*Problem*:
The answer should hold every line of the listing, unchanged and free of images.

*Provided material*:
▬▬▬
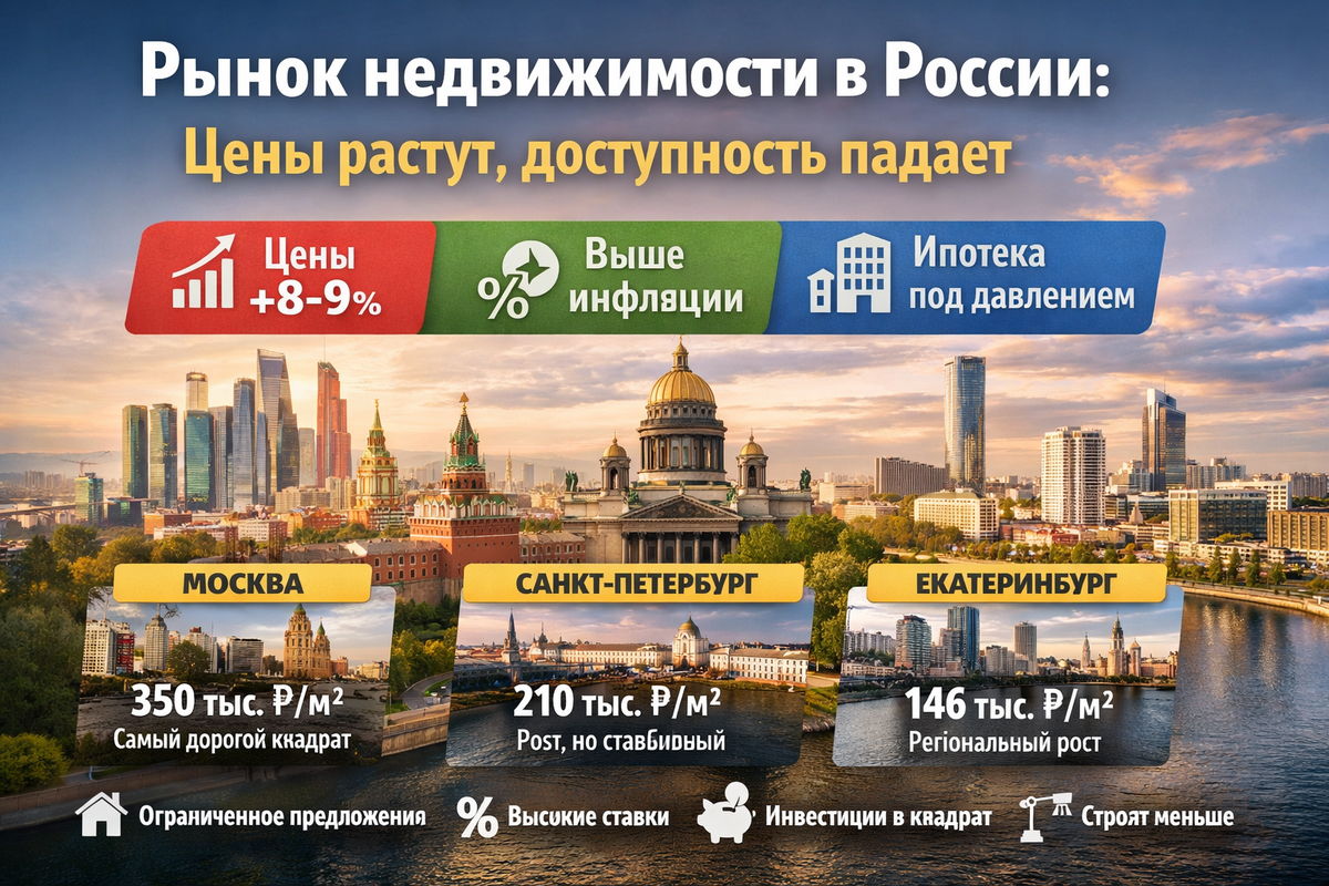 По итогам 2025 года рынок жилой недвижимости в России продемонстрировал разнонаправленную динамику: цены продолжили расти и в ряде сегментов опередили официальную инфляцию, тогда как темпы ввода нового жилья начали замедляться. К началу 2026 года формируется новая конфигурация спроса и предложения — с более осторожными покупателями, изменённой ипотечной моделью и акцентом на крупнейшие города.
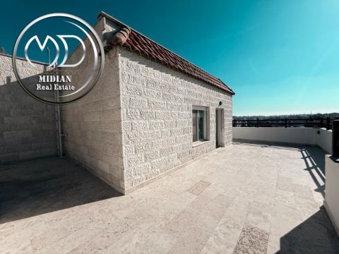 رقم الاعلان 9720 شقة دوبلكس جديدة طابق أخير مع رووف للبيع الرابية مساحة 320م مع تراسات تشطيبات وديكورات فاخرة اطلالة جميلة. مكونة من صالون - معيشة مطبخ - 4 نوم 4 ماستر - 6 حمام - رووف 240م - تراس برندات غرفة خادمة. دوبلكس - تدفئة غاز تحت البلاط - زجاج دبل كلاس أباجورات كهرباء - حمامات معلقة شاور بوكس. تأسيس مكيفات - أرضيات بورسلان وسيراميك - انارة مخفية - سبوت لايت - أبواب أمان - كراج
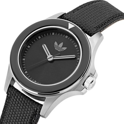 Cette montre Adidas a un boîtier Inox 44 mm en diamètre et est équipée d'un bracelet Textile. Le boîtier contient un mouvement Timex et la montre est dotée d'un cristal Minéral..
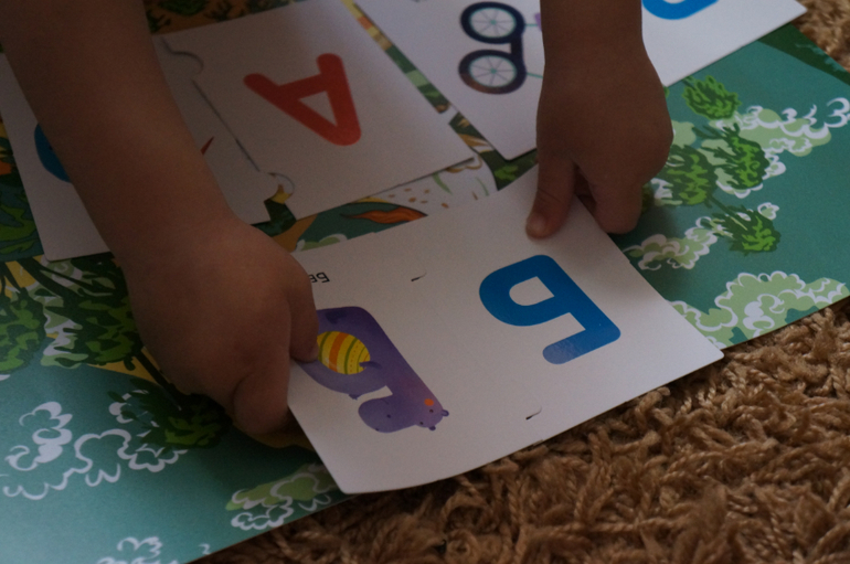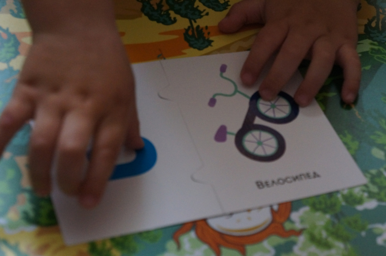 Каждая пара имеет свой уникальный замочек. То есть, если ребенок подберет к букве или картинке неправильную пару, то пазл не сложится.
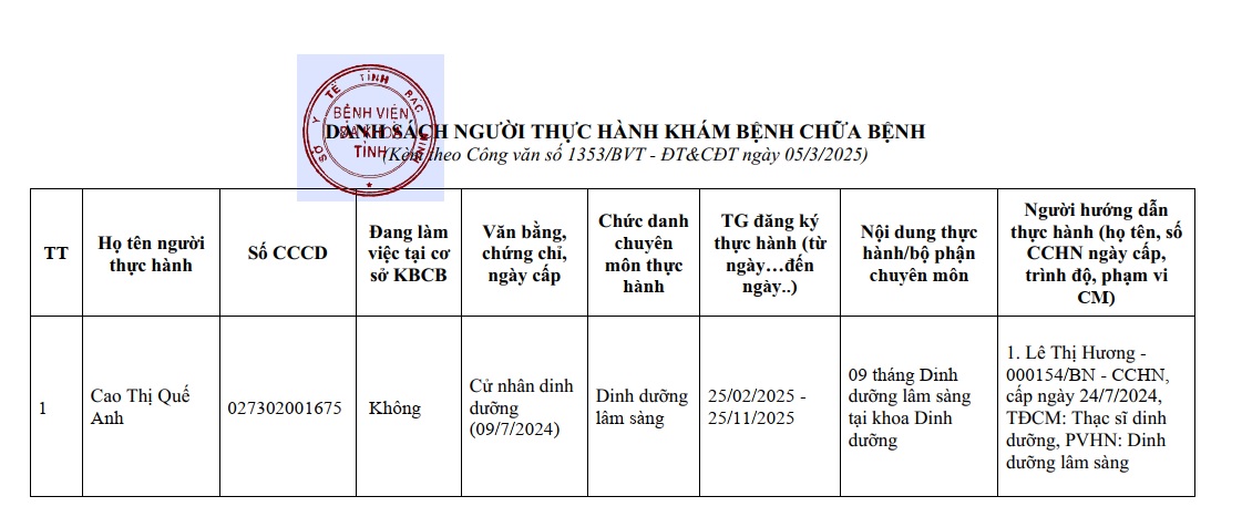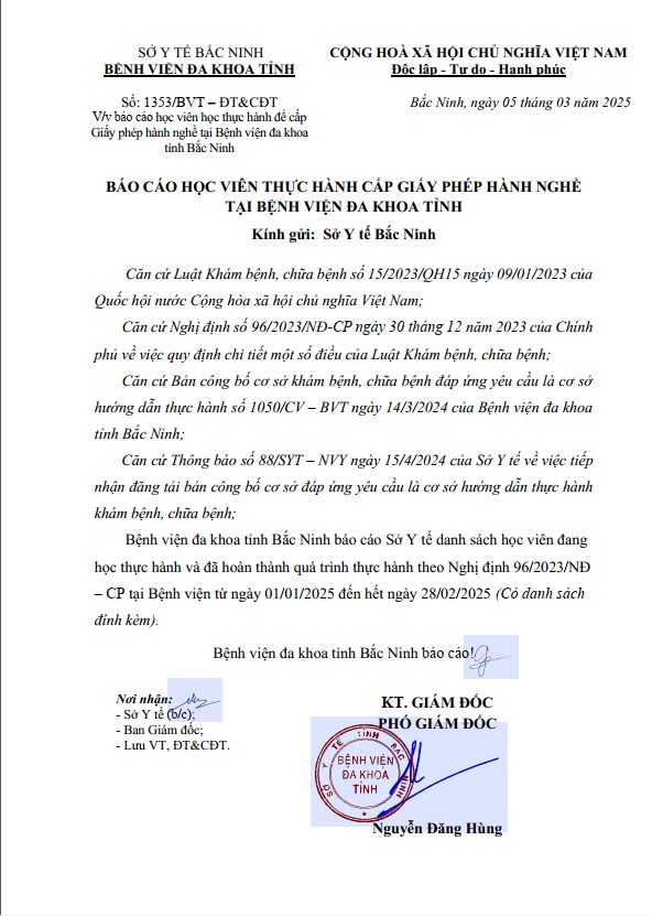 BÁO CÁO HỌC VIÊN THỰC HÀNH CẤP GIẤY PHÉP HÀNH NGHỀ TẠI BỆNH VIỆN ĐA KHOA TỈNH BẮC NINH SỐ 2
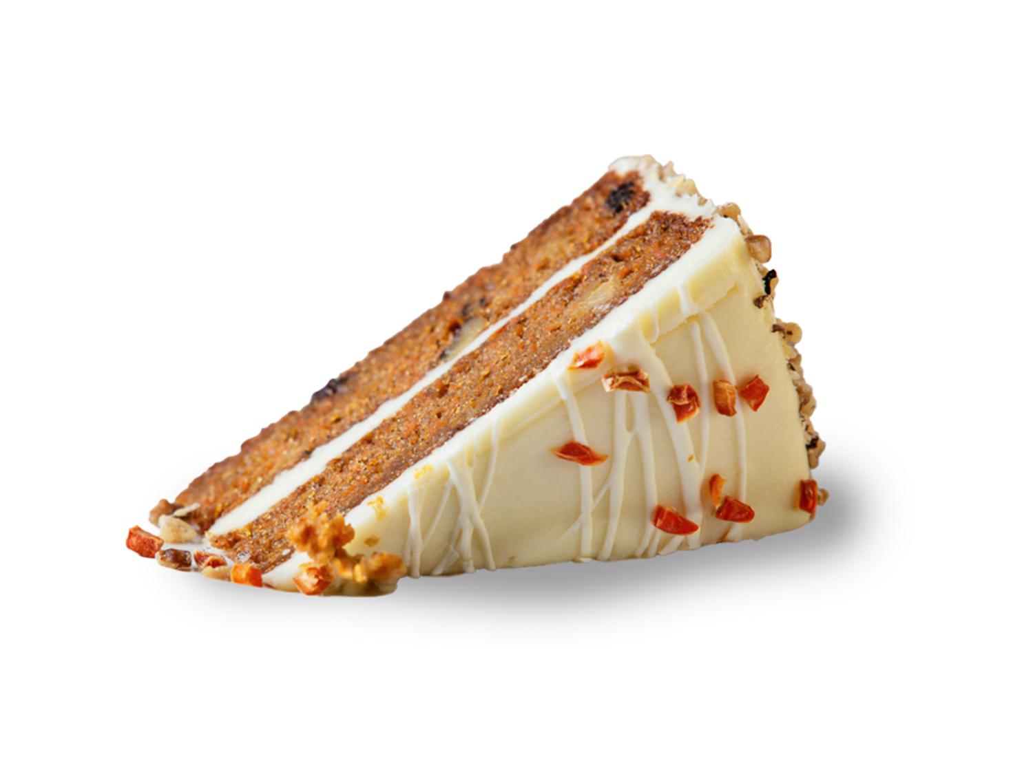 Pastel de zanahoria suave y esponjoso, con notas de especias y zanahoria rallada, cubierto con un cremoso frosting.
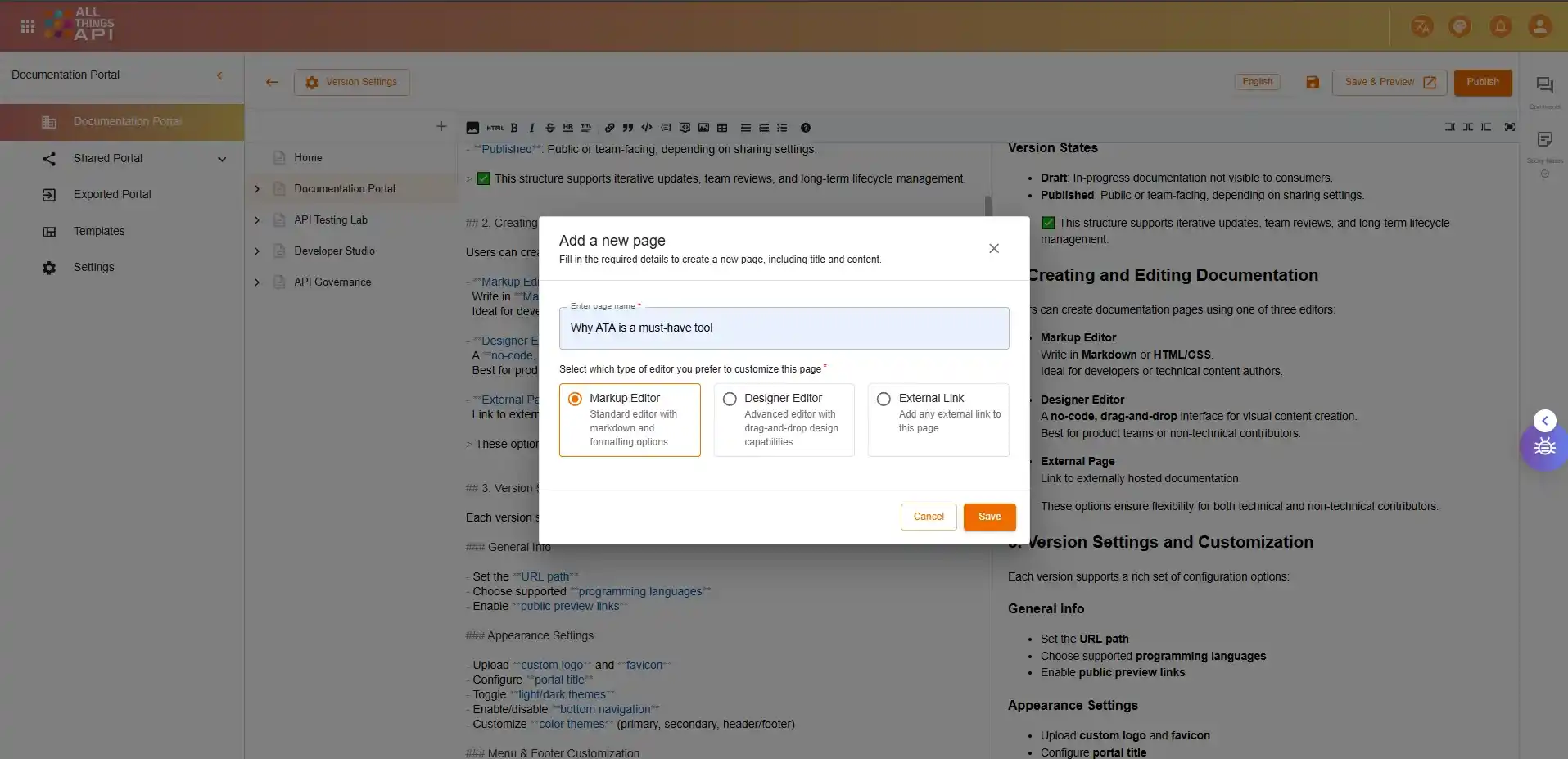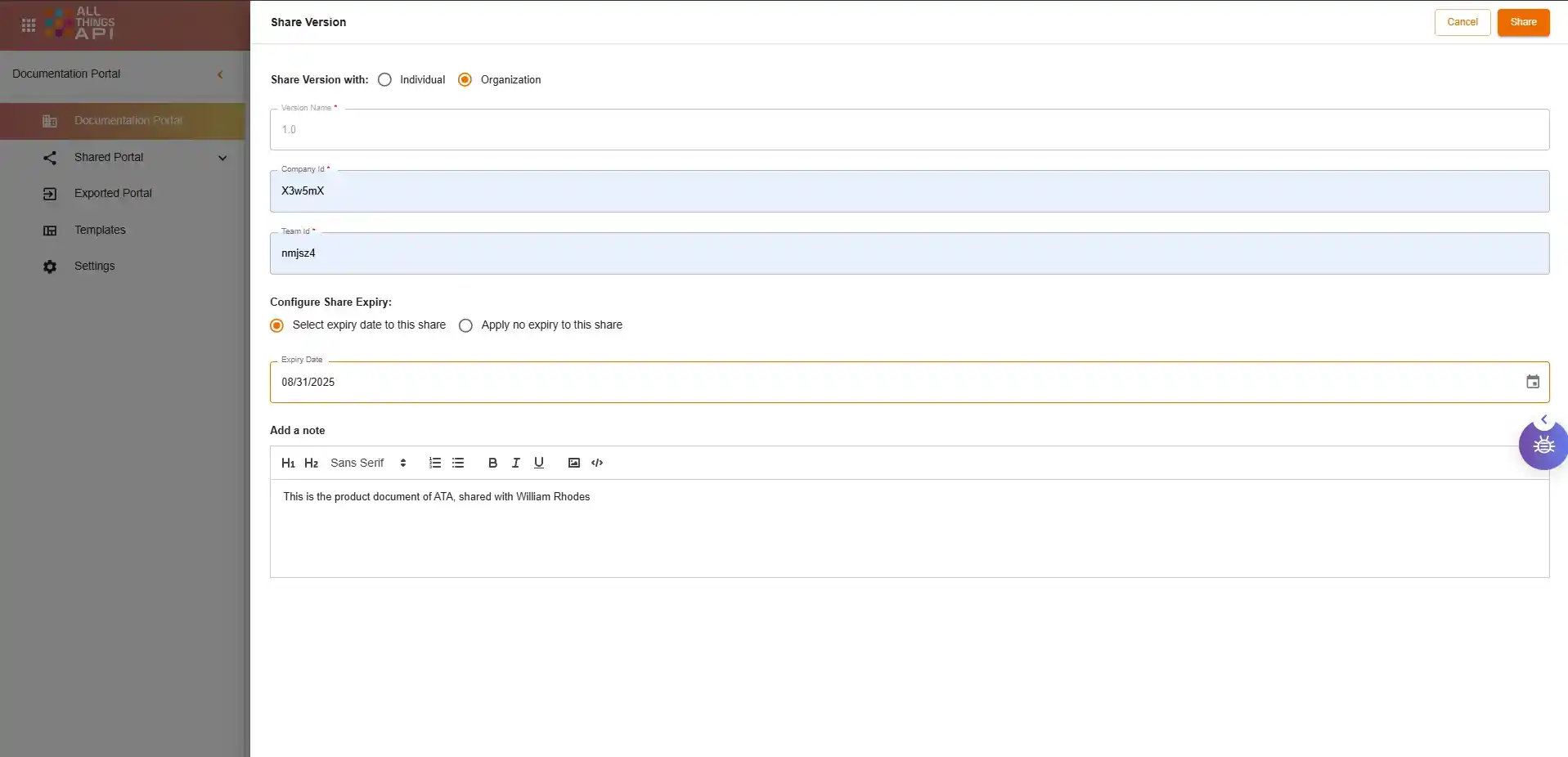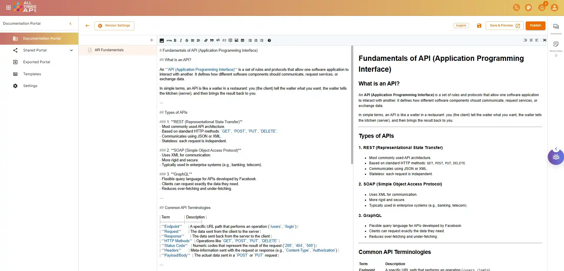 Preview documentation in real-time and share it publicly or privately with internal teams and external users.
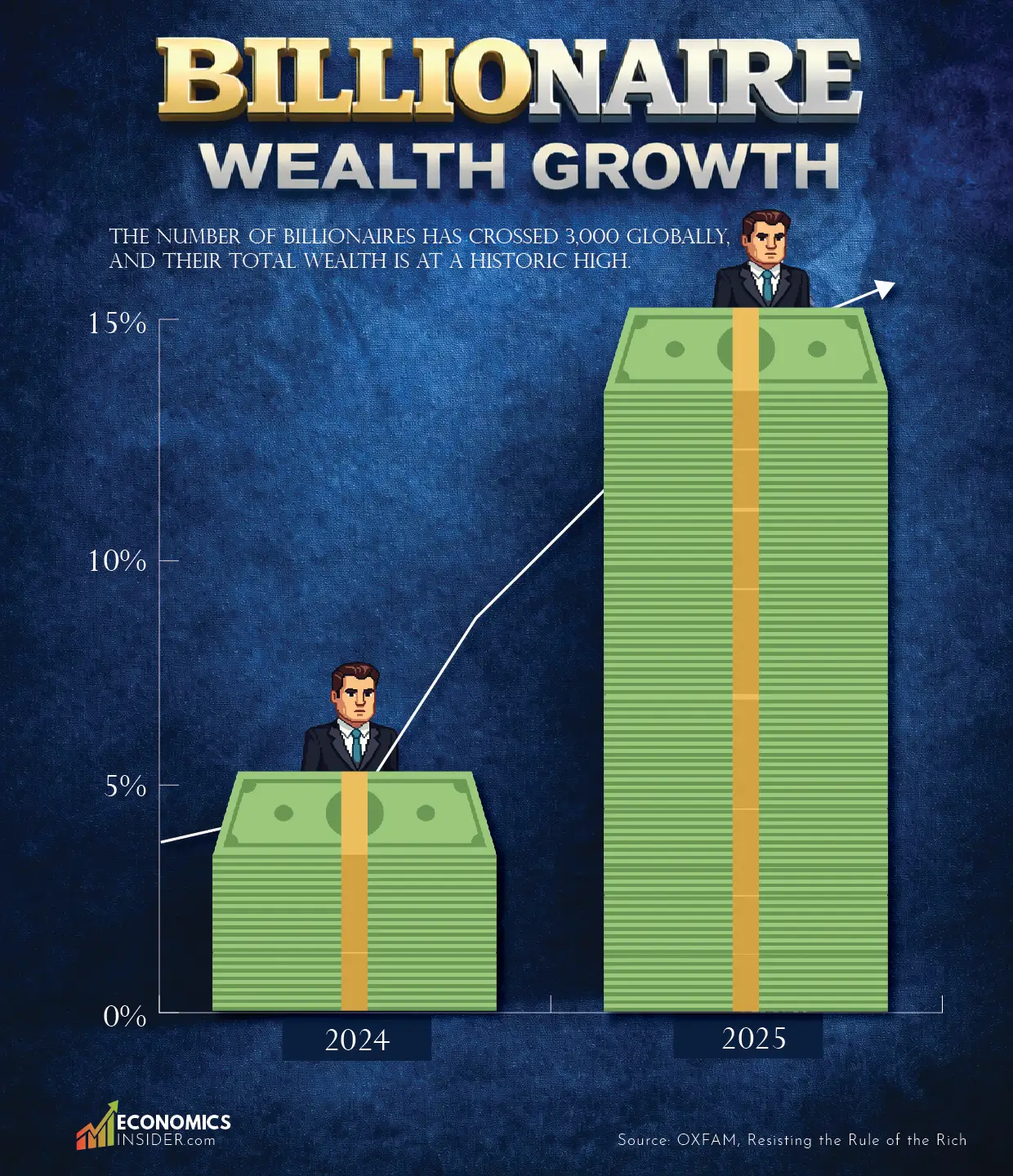 The world’s richest individuals are getting richer at a pace that is far faster than before. According to the latest Oxfam report, billionaire fortunes have grown three times faster in 2025 compared to the average annual growth rate of the previous five years.
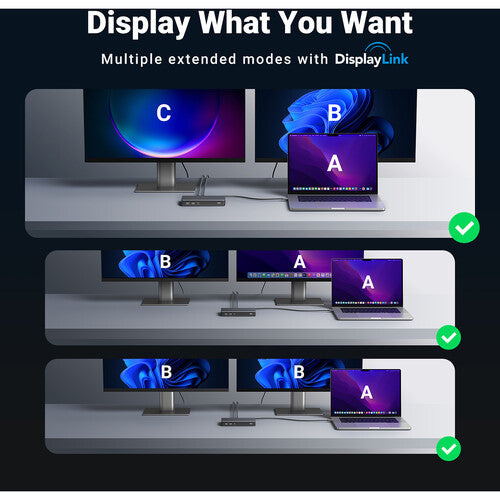 - شاشة الوسائط المزدوجة: استخدم منفذي HDMI ومنفذي DisplayPorts في محطة إرساء الكمبيوتر المحمول لتوصيل شاشتين بدقة 4K@60Hz بجهاز MacBook الخاص بك، ويمكن لكل شاشة عرض محتوى مختلف لجعل تعدد المهام أمرًا سهلاً.
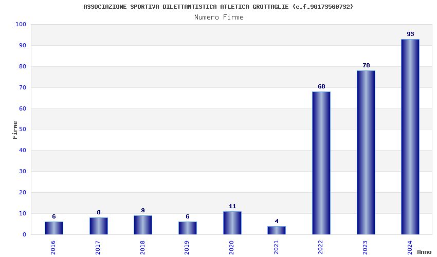 | Anno | Firme | Importi | Media | Naz. | Reg. | Prov. | Comu. |
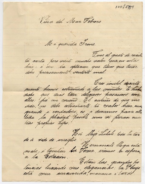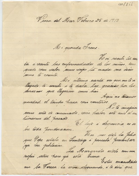 [Carta] 1913 Febrero 25, Viña del Mar [para Doña Irene Lazcano Echaurren] [manuscrito] Maria Teresa.
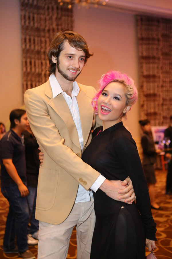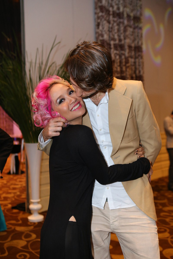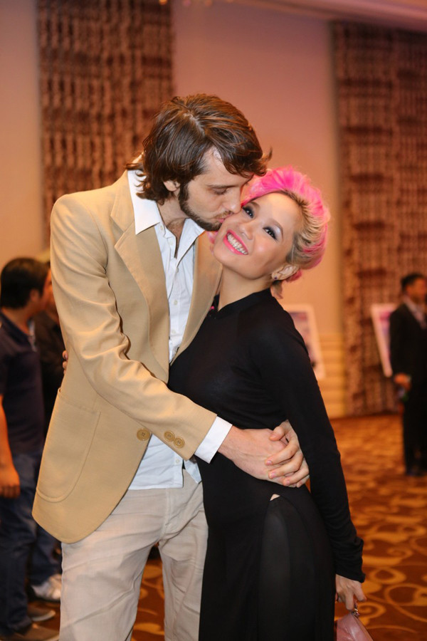 Mặc kệ những ánh mắt hiếu kỳ, soi mói mái tóc của người đẹp, Mai Khôi vẫn tình tứ bên chồng Tây.
▬▬▬
*Response for this exercise*:
 По итогам 2025 года рынок жилой недвижимости в России продемонстрировал разнонаправленную динамику: цены продолжили расти и в ряде сегментов опередили официальную инфляцию, тогда как темпы ввода нового жилья начали замедляться. К началу 2026 года формируется новая конфигурация спроса и предложения — с более осторожными покупателями, изменённой ипотечной моделью и акцентом на крупнейшие города.
 رقم الاعلان 9720 شقة دوبلكس جديدة طابق أخير مع رووف للبيع الرابية مساحة 320م مع تراسات تشطيبات وديكورات فاخرة اطلالة جميلة. مكونة من صالون - معيشة مطبخ - 4 نوم 4 ماستر - 6 حمام - رووف 240م - تراس برندات غرفة خادمة. دوبلكس - تدفئة غاز تحت البلاط - زجاج دبل كلاس أباجورات كهرباء - حمامات معلقة شاور بوكس. تأسيس مكيفات - أرضيات بورسلان وسيراميك - انارة مخفية - سبوت لايت - أبواب أمان - كراج
 Cette montre Adidas a un boîtier Inox 44 mm en diamètre et est équipée d'un bracelet Textile. Le boîtier contient un mouvement Timex et la montre est dotée d'un cristal Minéral..
 Каждая пара имеет свой уникальный замочек. То есть, если ребенок подберет к букве или картинке неправильную пару, то пазл не сложится.
 BÁO CÁO HỌC VIÊN THỰC HÀNH CẤP GIẤY PHÉP HÀNH NGHỀ TẠI BỆNH VIỆN ĐA KHOA TỈNH BẮC NINH SỐ 2
 Pastel de zanahoria suave y esponjoso, con notas de especias y zanahoria rallada, cubierto con un cremoso frosting.
 Preview documentation in real-time and share it publicly or privately with internal teams and external users.
 The world’s richest individuals are getting richer at a pace that is far faster than before. According to the latest Oxfam report, billionaire fortunes have grown three times faster in 2025 compared to the average annual growth rate of the previous five years.
 - شاشة الوسائط المزدوجة: استخدم منفذي HDMI ومنفذي DisplayPorts في محطة إرساء الكمبيوتر المحمول لتوصيل شاشتين بدقة 4K@60Hz بجهاز MacBook الخاص بك، ويمكن لكل شاشة عرض محتوى مختلف لجعل تعدد المهام أمرًا سهلاً.
 | Anno | Firme | Importi | Media | Naz. | Reg. | Prov. | Comu. |
 [Carta] 1913 Febrero 25, Viña del Mar [para Doña Irene Lazcano Echaurren] [manuscrito] Maria Teresa.
 Mặc kệ những ánh mắt hiếu kỳ, soi mói mái tóc của người đẹp, Mai Khôi vẫn tình tứ bên chồng Tây.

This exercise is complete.